Hi Aldo,
On Mar/30/10 1:46 am, Aldo Bucchi wrote:
Hi David,
I love it and I NEED it ;)
Awesome work, really.
I heard it will be opensource so I will probably be able to extend it
myself,
Yup, it'll be open source. Clean data sets are all clean the same way,
but each dirty data set is dirty in its own way. Which is why Gridworks
needs all the open source contributions in order to cover as many
different kinds of data dirtiness as possible. :-)
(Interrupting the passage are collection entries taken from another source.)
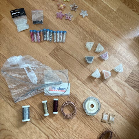 Panduro perler i guld og rød farve, velegnet til smykkefremstilling og andre kreative projekter. Perlerne er pakket i små plastikæsker for nem opbevaring og brug. tre guld og tre røde pakker
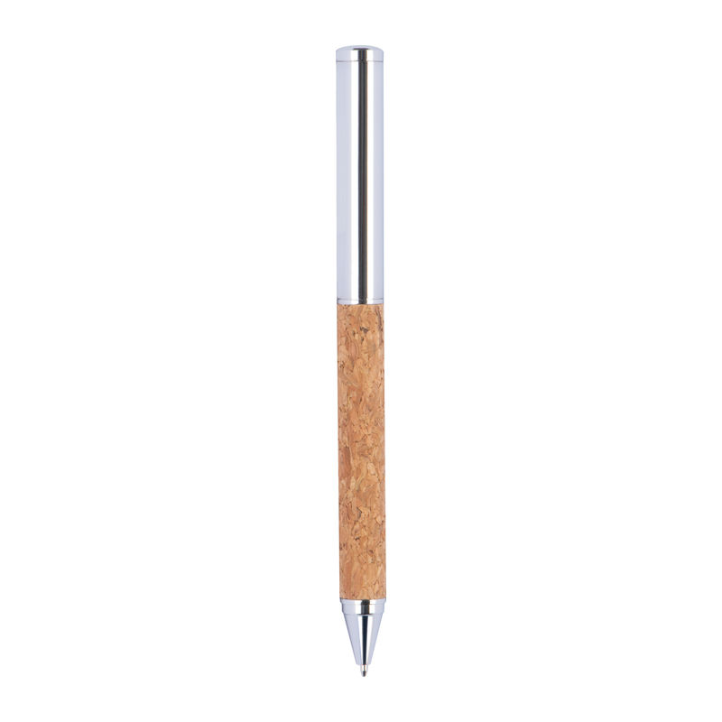 Υψηλής ποιότητας μεταλλικό στυλό με μπίλια και μηχανισμό περιστροφής, επενδεδυμένο με φελλό.
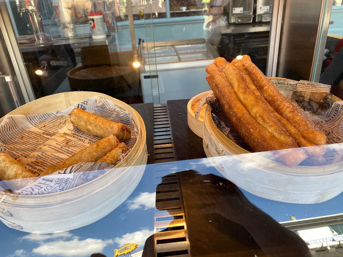 - The menu is simple, offering Vegetable Egg Rolls, a Cantonese Cinnamon Sugar Donut Stick and an Asian Chopped Salad. You’ll also find some alcoholic beverages, in addition to two specialty boba drinks.
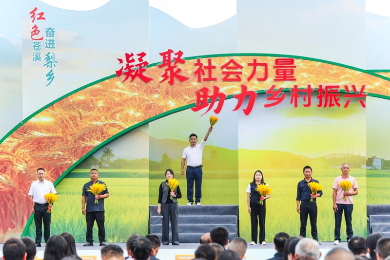 图为水稻收割现场。(苍溪县委宣传部 供图)
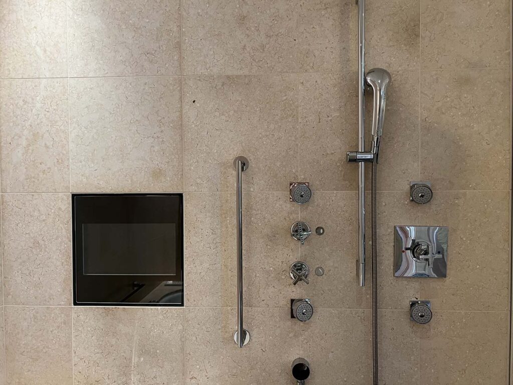 ちゃんとモニターもあるし、レインシャワーと可動式どちらもあるので、とても使いやすいシャワールーム。
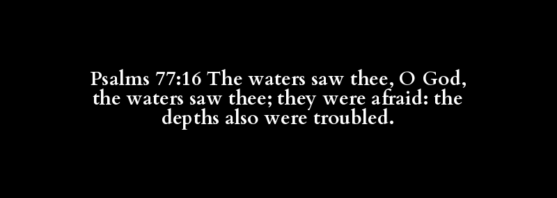 Psalms 77:16 The waters saw thee, O God, the waters saw thee; they were afraid: the depths also were troubled.
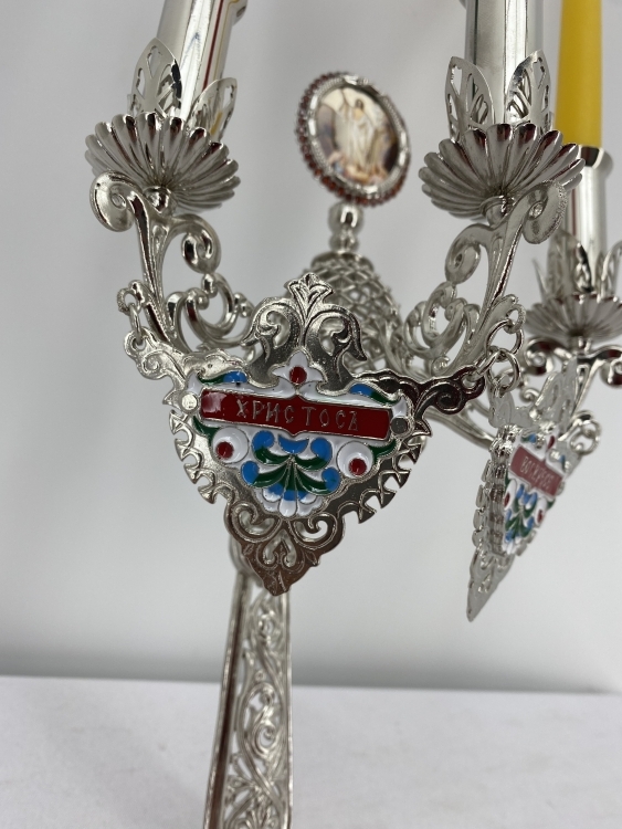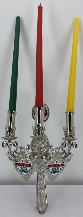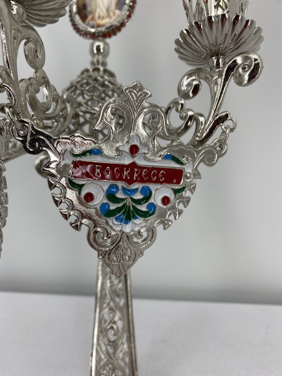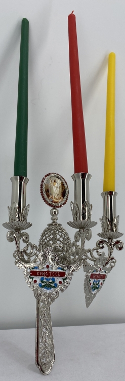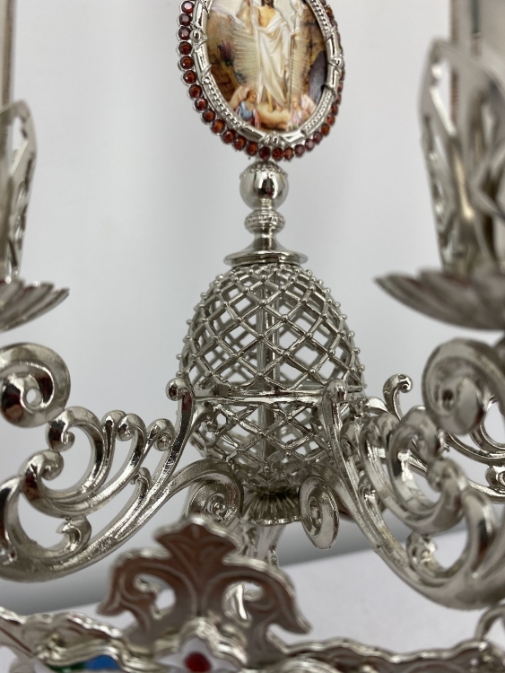 Трисвічник великодній з іконою №16, нікель 29х11см
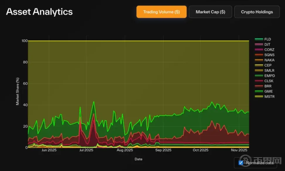 BTC DAT 中,Strategy 主导地位显著:持有 83.3% 的 BTC DAT 总持仓(占 BTC 总供应量 3.22%),占据类别内 72% 市值。GME、BRR 成交额份额增长明显,反映散户活跃度提升。
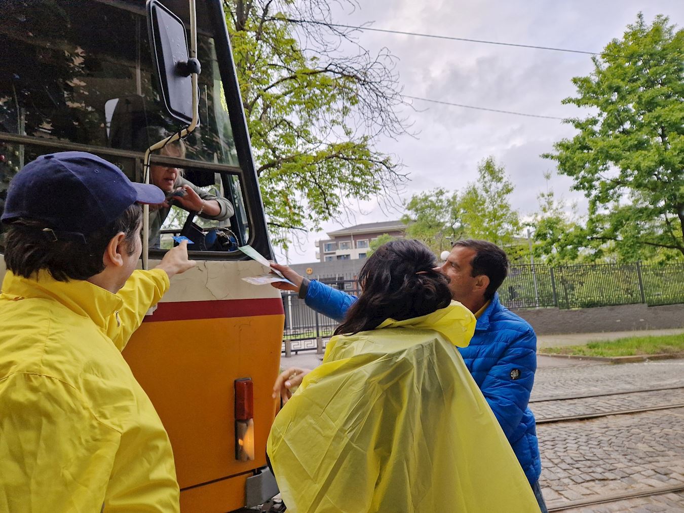 Automobili na ulici također su usporili kako bi pročitali natpise na transparentima praktikanata, a čak je i vozačica tramvaja zaustavila svoj tramvaj kako bi pitala praktikante o njihovom događaju. Objasnili su joj i dali joj letak.
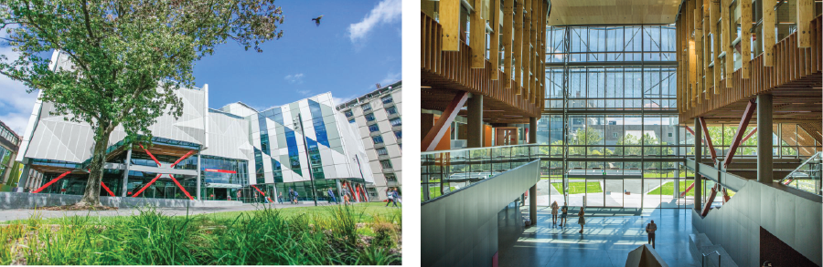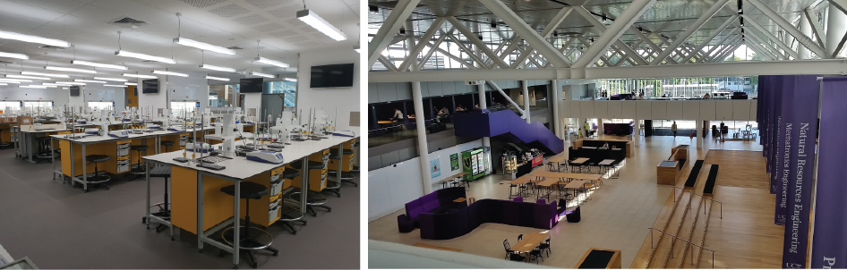 Left: Teaching laboratories in the Ernest Rutherford Building. Right: The spacious Engineering Core.
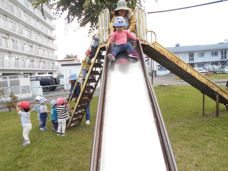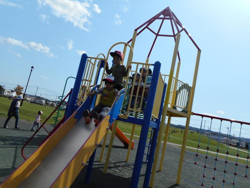 公園でおやつを食べた後、遊具で遊んだりよーいドンして走ったりと遊びましたよ。
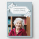 Des fleurs blanches délicates ornent cette simple plaque photographique de service commémoratif gris-bleu. En mémoire d'amour de votre nom personnel aimé et des dates entre les magnifiques fleurs de cerisiers fleuris. Ce joli panneau commémoratif à l'ancienne présente une photo complète de votre parent. Parfait pour un service funéraire ou une célébration de la vie.
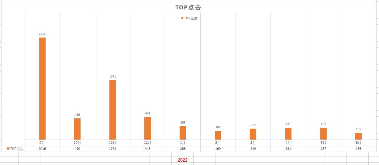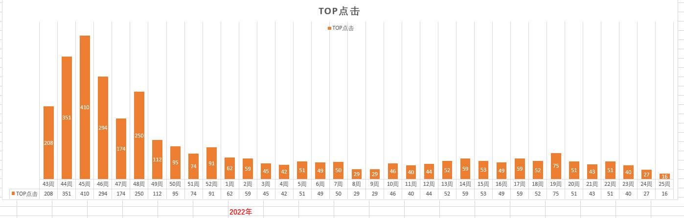 长达10个月的TOP点击数据,看图中数据波动非常明显,关键词点击量下滑这么多,有排名,烧P4P都没什么作用,没有搜索点击需求,哪会有询盘呢。

but here are some ideas for (missing?) features:
* Importing custom Lookups/Dictionaries ( to go from text to IDs or
the other way around ). Maybe this is possible using a different hook
for the reconciliation mechanism.
* Related: Plug in other reconciliation services ( not sure how this
stands up to freebase biz alignment )
Definitely. Right now Gridworks is hooked up to 2 services: the Freebase
text search service (called "relevance") and the experimental proper
reconciliation service. It makes sense to be able to plug in other
services as well.
* Command line engine. To add a GW project as a step in a traditional
transformation job and execute steps sequentially.
We've thought of that, too, but haven't implemented it. That shouldn't
be too hard.
* Expose Gazetteers ( dictionaries ) generated within the tool ( when
equating facets )
That makes sense. I'll think more about how to support that.
David